Task to complete
In the entries below, find the line with "This rare sunglass" and the line with "وكانت هيئة العمليات". Repeat exactly everything between them, those two lines included, but not the pictures.

Information
————————

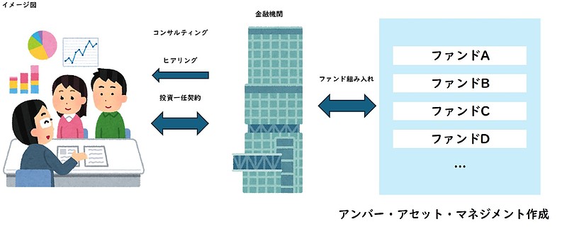 ファンドラップは最近CMなどでもよく見かける、金融機関が積極的に販売している運用商品で、この図のように投資家が金融機関と投資一任契約を結び、資産の投資判断・管理を専門家に一任する金融サービスです。
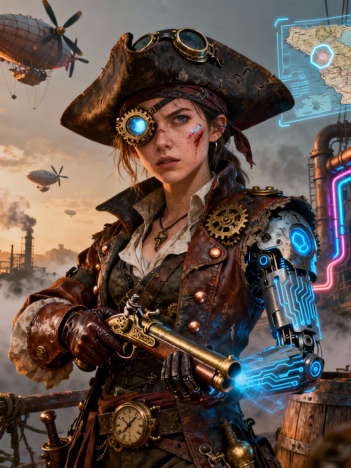 A fierce young female pirate captain in a steampunk warrior style. She holds an antique firearm and wears a detailed monocle and wide-brimmed hat. Her attire blends pirate regalia with cyborg elements.
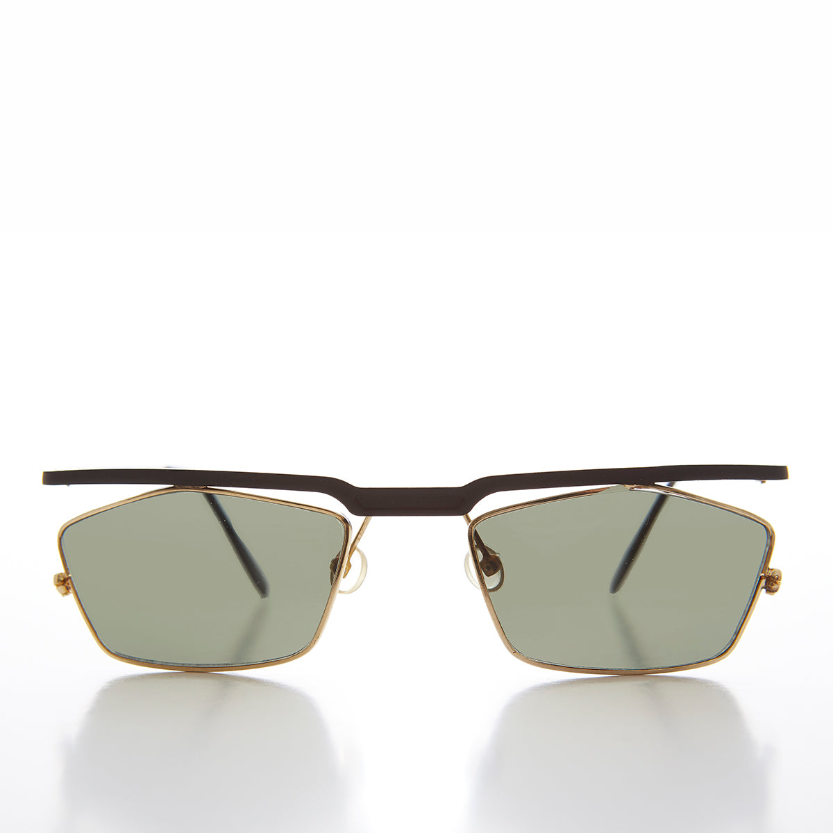 This rare sunglass features a unique shaped floating lens and two-toned color frame. RX optical quality prescription friendly frame. New old stock. Never worn. Great condition. UV Protection.
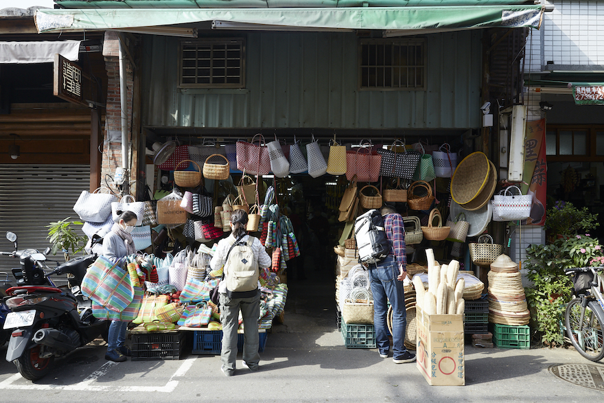 「高建桶店」には竹製の籠やバッグ、キッチングッズがズラリと並んでいます。台湾製の籠やプラバッグが人気ですが、お手頃価格の東南アジア製の商品もおすすめです。
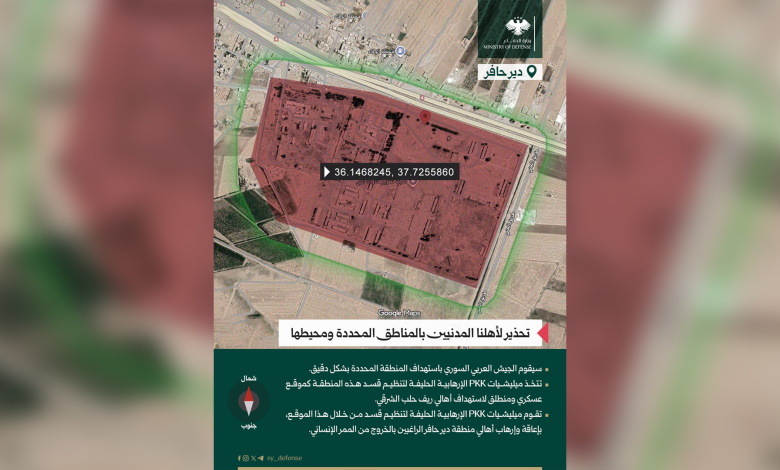 وكانت هيئة العمليات قد نشرت في وقت سابق أربعة مواقع لتمركز ميليشيات (PKK) الإرهابية وفلول النظام السابق حلفاء تنظيم قسد في دير حافر، محذرة الأهالي بضرورة الابتعاد عنها.
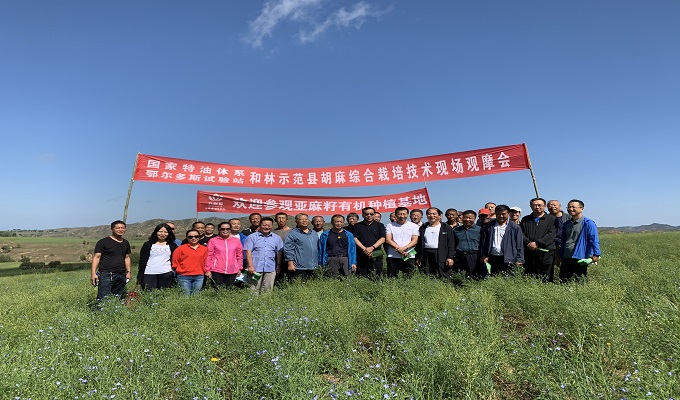 8月25日,內蒙古農科院、國家胡麻產業技術體系鄂爾多斯綜合實驗站,千畝亞麻籽高產種植示范園觀摩會在和林縣黑老夭鄉內蒙古萬利福有機亞麻籽種植基地舉行。
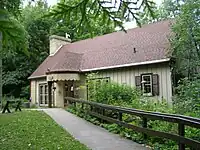The park was founded in 1911.[9] It was home to five resorts, two of which were perched on the west bluff. Few traces of these structures remain, though footings and foundational structures can be found along the South shore and near Prospect Point on the West Bluff. There were also many private residences in the west and south shores of the lake, only four of which remain.[10] At various times the lakeshore hosted water slides, lodges, ferry boat launches and golf courses. The clubhouse of one course sat on the current location of the Park's nature center. By the 1940s, the hotels were all closed, and the Park was retreating to its former natural self.
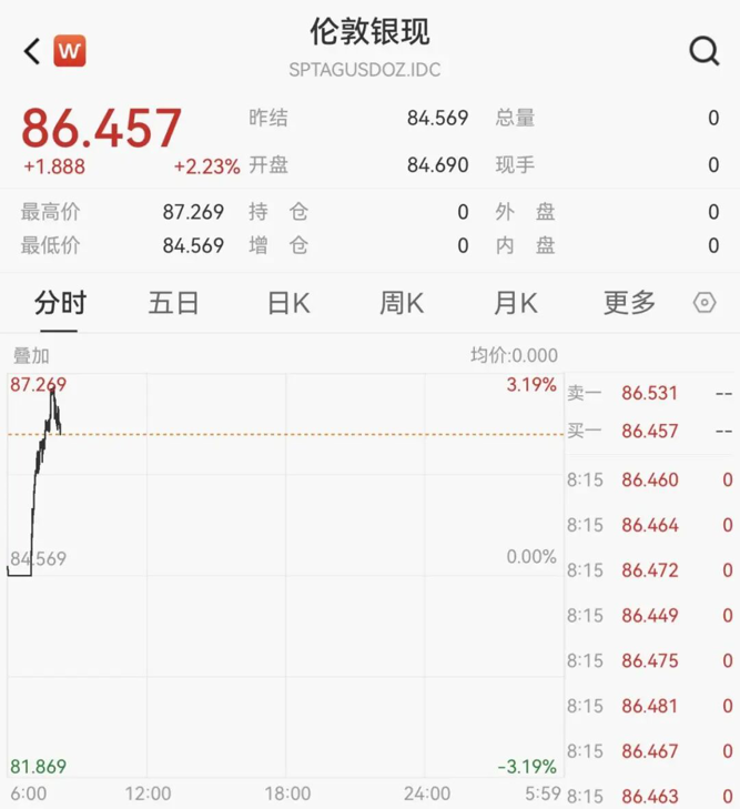 2月23日,现货白银一度涨超3%,现报86.46美元/盎司。
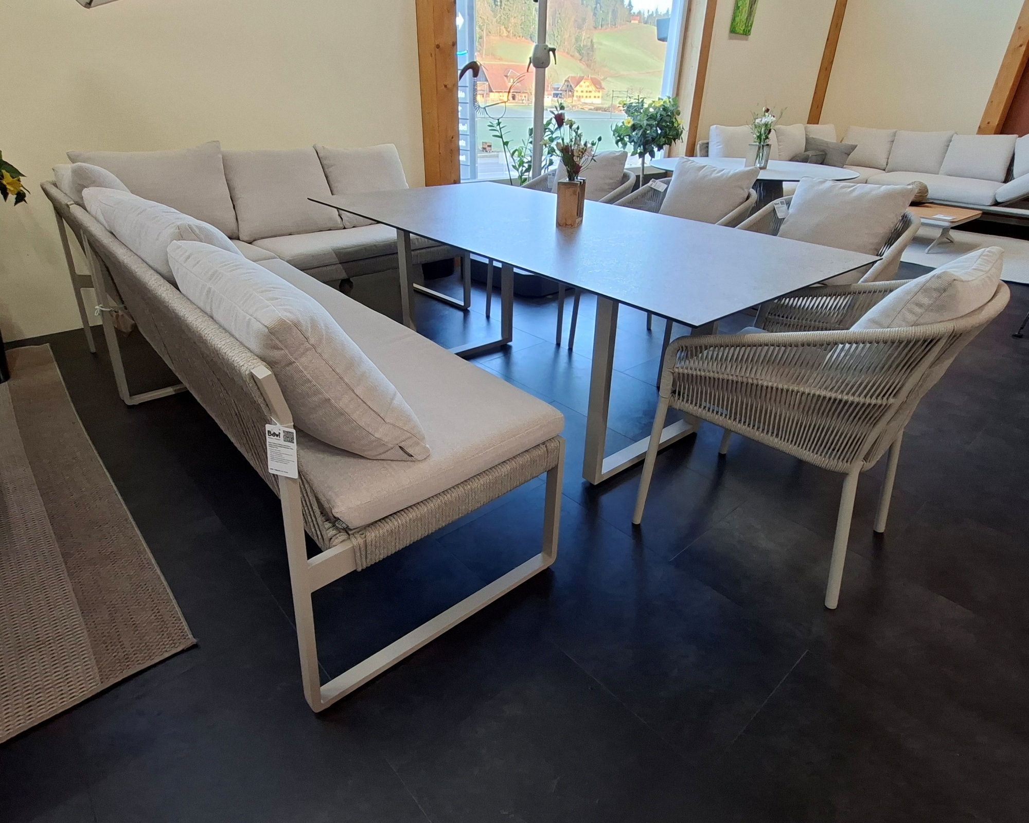 Besonders harmonisch lässt sich die Bank mit dem Kufentisch Miguel und dem Jella Stuhl aus dem Hause Stern® kombinieren. Die klare Formensprache und hochwertigen Materialien sorgen nicht nur für einen eleganten Look, sondern auch für Langlebigkeit im Outdoor-Bereich.
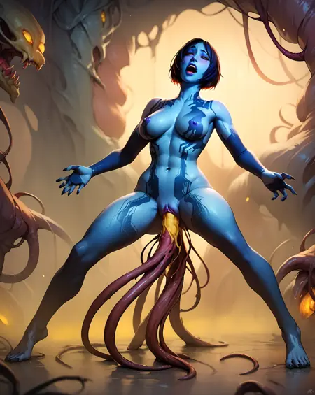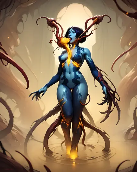 For girl infected use: floodh, infected, corruption, body horror, muscles, tentacles, yellow pods, yellow fog, claw, naked, head red tendrils, vaginal insertion,_**
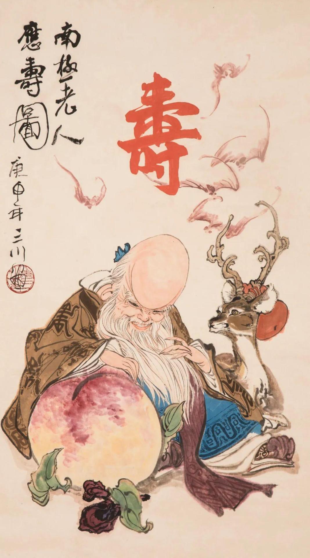 款识:南极老人应寿图。庚申年三川画。

————————

Result of this task
 This rare sunglass features a unique shaped floating lens and two-toned color frame. RX optical quality prescription friendly frame. New old stock. Never worn. Great condition. UV Protection.
 「高建桶店」には竹製の籠やバッグ、キッチングッズがズラリと並んでいます。台湾製の籠やプラバッグが人気ですが、お手頃価格の東南アジア製の商品もおすすめです。
 وكانت هيئة العمليات قد نشرت في وقت سابق أربعة مواقع لتمركز ميليشيات (PKK) الإرهابية وفلول النظام السابق حلفاء تنظيم قسد في دير حافر، محذرة الأهالي بضرورة الابتعاد عنها.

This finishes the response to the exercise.